MATERIAL PROVIDED:
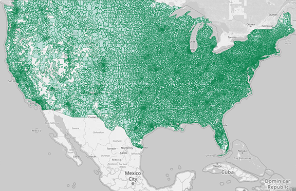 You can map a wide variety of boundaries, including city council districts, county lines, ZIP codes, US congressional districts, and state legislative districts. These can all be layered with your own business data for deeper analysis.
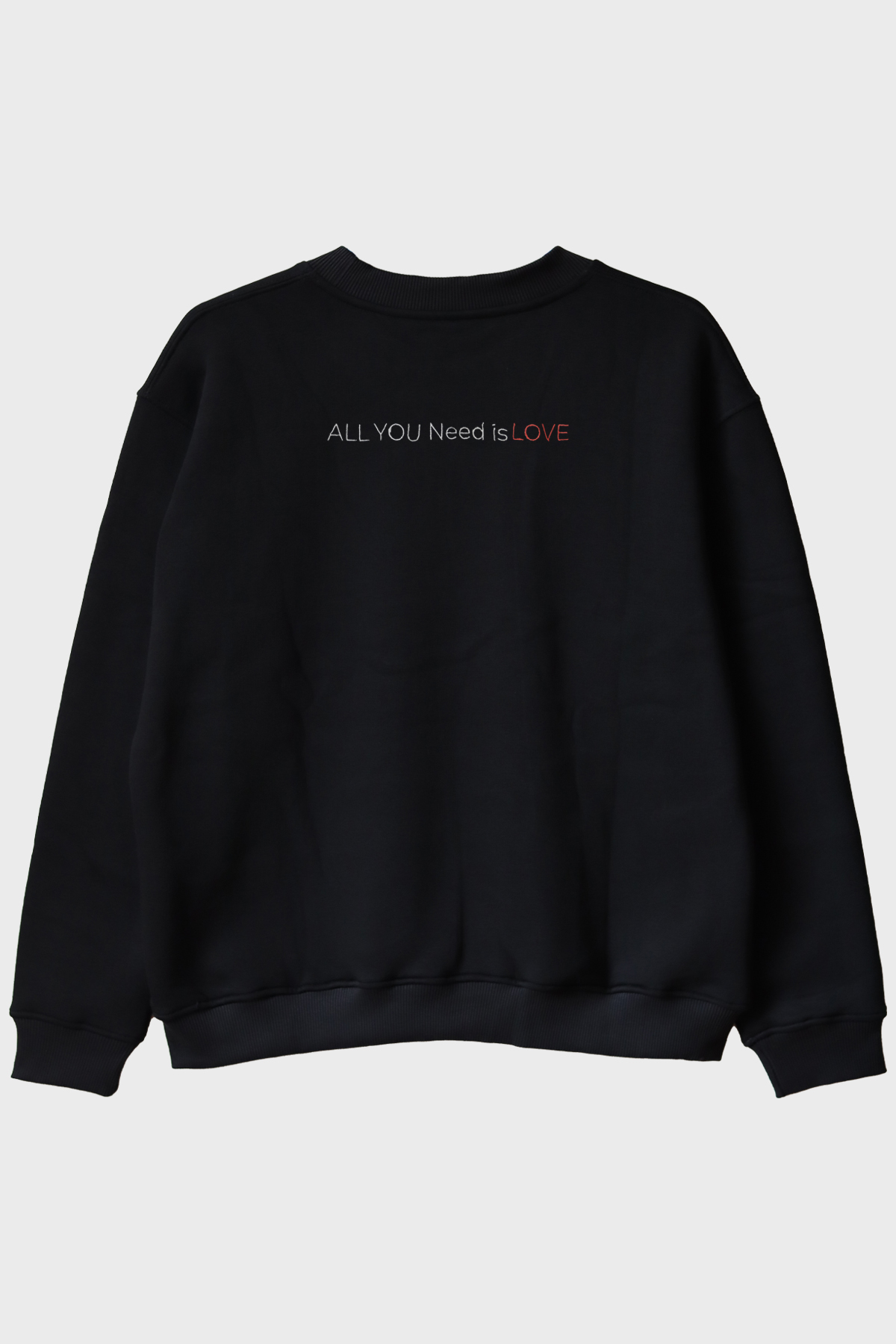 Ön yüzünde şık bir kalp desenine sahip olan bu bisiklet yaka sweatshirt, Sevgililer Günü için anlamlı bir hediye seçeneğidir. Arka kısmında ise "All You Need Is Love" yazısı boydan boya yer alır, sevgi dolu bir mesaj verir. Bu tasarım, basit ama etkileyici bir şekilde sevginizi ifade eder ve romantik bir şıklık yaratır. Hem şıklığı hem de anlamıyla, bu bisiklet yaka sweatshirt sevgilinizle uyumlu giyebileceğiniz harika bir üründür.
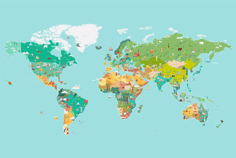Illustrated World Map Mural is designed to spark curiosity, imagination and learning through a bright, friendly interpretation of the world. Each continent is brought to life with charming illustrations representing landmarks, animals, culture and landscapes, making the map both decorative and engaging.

==

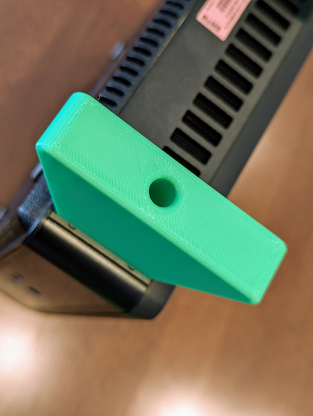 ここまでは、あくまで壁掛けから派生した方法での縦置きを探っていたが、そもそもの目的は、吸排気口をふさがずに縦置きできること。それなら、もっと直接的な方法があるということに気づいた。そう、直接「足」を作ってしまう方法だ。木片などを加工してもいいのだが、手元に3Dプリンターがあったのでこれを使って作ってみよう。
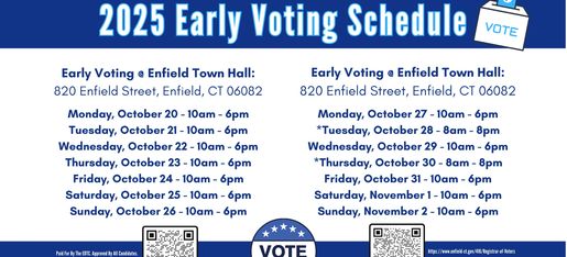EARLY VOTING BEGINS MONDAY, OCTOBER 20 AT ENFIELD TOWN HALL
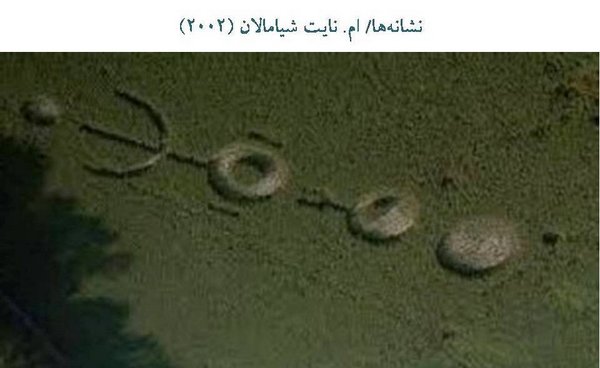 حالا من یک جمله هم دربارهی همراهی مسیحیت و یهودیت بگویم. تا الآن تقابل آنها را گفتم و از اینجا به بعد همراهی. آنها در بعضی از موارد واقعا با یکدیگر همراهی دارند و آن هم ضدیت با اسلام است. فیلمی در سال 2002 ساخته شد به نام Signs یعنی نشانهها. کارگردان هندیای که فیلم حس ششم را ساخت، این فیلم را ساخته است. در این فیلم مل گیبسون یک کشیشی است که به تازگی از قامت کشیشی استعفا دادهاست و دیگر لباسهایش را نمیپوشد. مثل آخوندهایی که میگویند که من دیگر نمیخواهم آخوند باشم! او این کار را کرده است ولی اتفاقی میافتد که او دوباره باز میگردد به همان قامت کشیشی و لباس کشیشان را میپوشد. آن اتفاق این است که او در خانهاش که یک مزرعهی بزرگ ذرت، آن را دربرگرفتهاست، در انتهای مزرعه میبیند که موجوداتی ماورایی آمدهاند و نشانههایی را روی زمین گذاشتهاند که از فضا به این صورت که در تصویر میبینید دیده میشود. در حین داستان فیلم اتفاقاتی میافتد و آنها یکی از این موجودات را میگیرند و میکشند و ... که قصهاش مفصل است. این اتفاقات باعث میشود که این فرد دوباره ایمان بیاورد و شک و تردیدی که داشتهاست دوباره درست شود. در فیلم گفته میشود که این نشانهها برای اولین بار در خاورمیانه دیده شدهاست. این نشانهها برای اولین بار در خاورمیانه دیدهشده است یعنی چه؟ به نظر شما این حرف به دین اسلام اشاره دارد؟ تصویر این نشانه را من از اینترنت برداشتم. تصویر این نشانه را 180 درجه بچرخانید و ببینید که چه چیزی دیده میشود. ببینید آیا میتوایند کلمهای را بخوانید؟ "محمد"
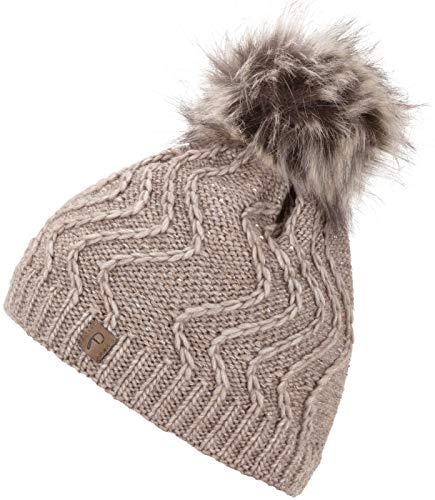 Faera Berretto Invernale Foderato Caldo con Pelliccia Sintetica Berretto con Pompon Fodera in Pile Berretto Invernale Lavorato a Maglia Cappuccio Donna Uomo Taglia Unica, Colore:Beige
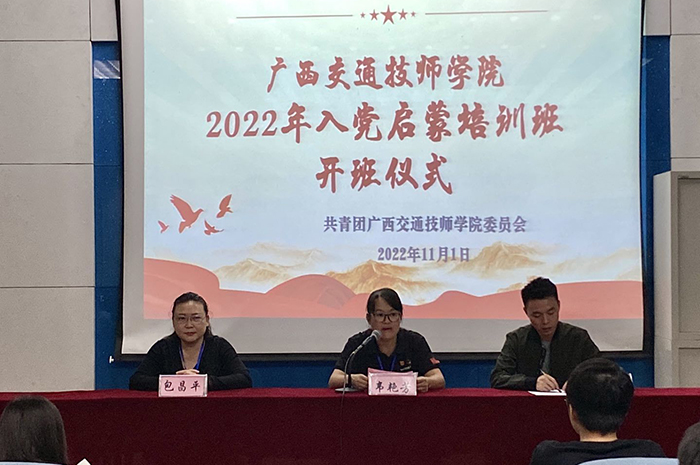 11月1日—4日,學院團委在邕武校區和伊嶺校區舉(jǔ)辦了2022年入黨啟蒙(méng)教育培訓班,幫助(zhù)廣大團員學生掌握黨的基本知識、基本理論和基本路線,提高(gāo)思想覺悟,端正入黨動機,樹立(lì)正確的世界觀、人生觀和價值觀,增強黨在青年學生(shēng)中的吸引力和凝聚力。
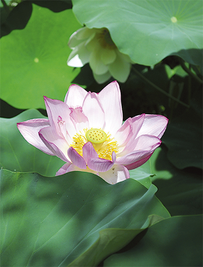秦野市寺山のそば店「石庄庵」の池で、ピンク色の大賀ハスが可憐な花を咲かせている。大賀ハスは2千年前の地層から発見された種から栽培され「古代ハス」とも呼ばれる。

WHAT IS REQUIRED: Beginning at the line above that contains "ここまでは、あくまで壁掛けか" and going on through the line that contains "秦野市寺山のそば店「石庄庵」", please copy every line exactly, leaving the pictures out and adding nothing.

TASK ANSWER:
 ここまでは、あくまで壁掛けから派生した方法での縦置きを探っていたが、そもそもの目的は、吸排気口をふさがずに縦置きできること。それなら、もっと直接的な方法があるということに気づいた。そう、直接「足」を作ってしまう方法だ。木片などを加工してもいいのだが、手元に3Dプリンターがあったのでこれを使って作ってみよう。
EARLY VOTING BEGINS MONDAY, OCTOBER 20 AT ENFIELD TOWN HALL
 حالا من یک جمله هم دربارهی همراهی مسیحیت و یهودیت بگویم. تا الآن تقابل آنها را گفتم و از اینجا به بعد همراهی. آنها در بعضی از موارد واقعا با یکدیگر همراهی دارند و آن هم ضدیت با اسلام است. فیلمی در سال 2002 ساخته شد به نام Signs یعنی نشانهها. کارگردان هندیای که فیلم حس ششم را ساخت، این فیلم را ساخته است. در این فیلم مل گیبسون یک کشیشی است که به تازگی از قامت کشیشی استعفا دادهاست و دیگر لباسهایش را نمیپوشد. مثل آخوندهایی که میگویند که من دیگر نمیخواهم آخوند باشم! او این کار را کرده است ولی اتفاقی میافتد که او دوباره باز میگردد به همان قامت کشیشی و لباس کشیشان را میپوشد. آن اتفاق این است که او در خانهاش که یک مزرعهی بزرگ ذرت، آن را دربرگرفتهاست، در انتهای مزرعه میبیند که موجوداتی ماورایی آمدهاند و نشانههایی را روی زمین گذاشتهاند که از فضا به این صورت که در تصویر میبینید دیده میشود. در حین داستان فیلم اتفاقاتی میافتد و آنها یکی از این موجودات را میگیرند و میکشند و ... که قصهاش مفصل است. این اتفاقات باعث میشود که این فرد دوباره ایمان بیاورد و شک و تردیدی که داشتهاست دوباره درست شود. در فیلم گفته میشود که این نشانهها برای اولین بار در خاورمیانه دیده شدهاست. این نشانهها برای اولین بار در خاورمیانه دیدهشده است یعنی چه؟ به نظر شما این حرف به دین اسلام اشاره دارد؟ تصویر این نشانه را من از اینترنت برداشتم. تصویر این نشانه را 180 درجه بچرخانید و ببینید که چه چیزی دیده میشود. ببینید آیا میتوایند کلمهای را بخوانید؟ "محمد"
 Faera Berretto Invernale Foderato Caldo con Pelliccia Sintetica Berretto con Pompon Fodera in Pile Berretto Invernale Lavorato a Maglia Cappuccio Donna Uomo Taglia Unica, Colore:Beige
 11月1日—4日,學院團委在邕武校區和伊嶺校區舉(jǔ)辦了2022年入黨啟蒙(méng)教育培訓班,幫助(zhù)廣大團員學生掌握黨的基本知識、基本理論和基本路線,提高(gāo)思想覺悟,端正入黨動機,樹立(lì)正確的世界觀、人生觀和價值觀,增強黨在青年學生(shēng)中的吸引力和凝聚力。
秦野市寺山のそば店「石庄庵」の池で、ピンク色の大賀ハスが可憐な花を咲かせている。大賀ハスは2千年前の地層から発見された種から栽培され「古代ハス」とも呼ばれる。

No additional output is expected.